Sayed Karim | |
Birth Date: | 16 February 1911 |
Birth Place: | Monufia |
Death Place: | Cairo |
Nationality: | Egyptian |
Alma Mater: | Cairo University, University of Zurich |
Children: | Ibrahim Karim |
Parents: | Ibrahim Fahmy Karim |
Website: | Sayed Karim |
Practice: | Architect, urban planner, writer |
Significant Projects: | Nasr City |
Sayed Karim (Also Sayyid Karim. Arabic: سيد كريم) (born; 16 February 1911, Mit Barrah, Munufia – 28 July 2005, Cairo) was a leading Egyptian Modernist architect, who was part of the liberal era's 'pioneer architects'.[1] He was also an urban planner, best known for designing the Nasr City neighbourhood in Cairo, as well as a writer and editor producing the influential architecture magazine Majallat al-'Imarah, and authoring a number of books.
Karim received his Diploma in Architecture from Cairo University in 1933, before leaving for Switzerland where he pursued another diploma at the University of Zurich, ocompleting it in 1935, and then a Masters in urban planning in 1936. Sayed Karim received his PhD in architecture at the ETH Zurich in 1938,[2] [3] while teaching there, before moving back to Egypt in 1938 and becoming a professor at Cairo University.
Karim set up his private practice in Cairo in 1939, launching a career that spanned over half a century. He designed iconic public and residential buildings in Cairo, including a proposal for The Egyptian Journalists’ Syndicate (1946), Akhbar Al Youm (1948), Rose al-Yusuf (1952), Al-Shams Company building (1949) and the Zamalek Tower (1956).
One of his main drivers was a question about 'what can a national style be in Egypt, and how to promote it. Karim has dealt with this question in an exhaustive and authentic way, calling on other disciplines such as sociology, psychology, but also the history of art and architecture, and holding conferences around it, including one at the Geographical Society in April 1940.

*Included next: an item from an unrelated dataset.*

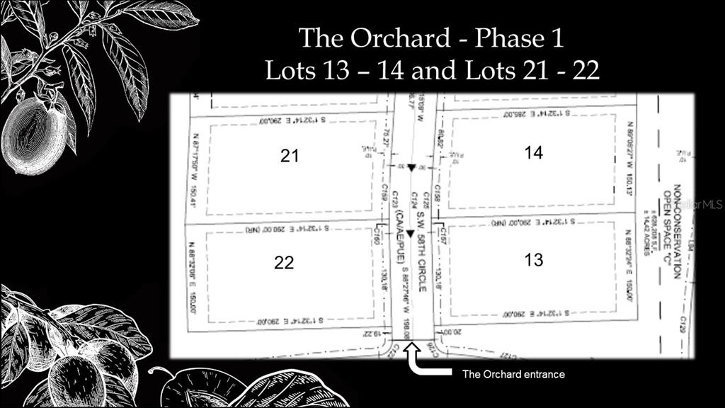 Lot 13 is a one acre corner lot that expands 150 feet across its rear property line. With a south facing front yard, its backyard abuts a large greenway. List price for lot INCLUDES an $8,000 premium. Gainesville’s first Agrihood, Flint Rock promotes a lifestyle of healthy living and wellness, carefully crafted to embrace the farm-to-table lifestyle. This luxury residential community is centered around its recreational spaces, nature trails, gardens, orchards and conservation preserve. With 2.5 miles of walking paths and expanses of land, its residents will enjoy more green space than your average Gainesville subdivision. Owners will have access to their Event Barn, a unique venue for hosting outdoor activities. The Residents’ Farmhouse will offer a full catering kitchen with spacious indoor gathering areas, surrounded by paver fire pit area and trellised swings under scattered pergolas for casual outdoor seating. Offering expansive green space, The Orchard gated subdivision has a unique U-shaped center that is almost 9 acres in size, featuring a collection of fruit and nut bearing trees along paved community walking paths.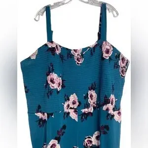 Details: Beautiful stretchy comfortable EUC jumpsuit from Lane Bryant! Beautiful blue color with light pink flowers throughout, smocked top, adjustable straps, wide leg. This would be perfect for a wedding guest outfit, cruise outfit, or a beach day!

As an urban planner, Karim lamented the missed opportunity to rebuild Cairo according to modernist planning scheme that could have come if Cairo was damaged in World War II, as were so many other cities, and rebuilt according to more modernist principles.[4] Not to be defeated, he proposed plans for Cairo's urban expansion, namely Nasr City, which was envisioned in 1953 and implemented under the direction of the head of Cairo Municipality, Mahmoud Riad from 1959 as a new administrative center.
Karim was active not just in Egypt, but the Arab world. After joining the United Nations as a city planning consultant in 1949, he worked on plans and architectural designs for Baghdad (1946), Damascus (1947), Jeddah (1949), Riyadh (1950), and Amman (1954), and many other cities, earning him the nickname "the flying architect."
In 1965, however, the Nasser regime put him under sequestration and house arrest – a move from which the architect never recovered, prematurely curbing his career.
Majallat al-'Imarah (also titled Emara, Alemara Alefoun) was published between 1939 and 1950, with the exception of 1943–1944. The publication was later continued as "Majallat al-Imarah wa-al-Funun" between 1952 and 1959.
Largely the project of editor Sayyid Karim, Majallat al-Imarah presented contemporary architecture in pre-war and post-war Cairo.[7] A near comprehensive collection is digitally held by ArchNet, which were sourced at the Fine Arts Library of the Harvard College Library.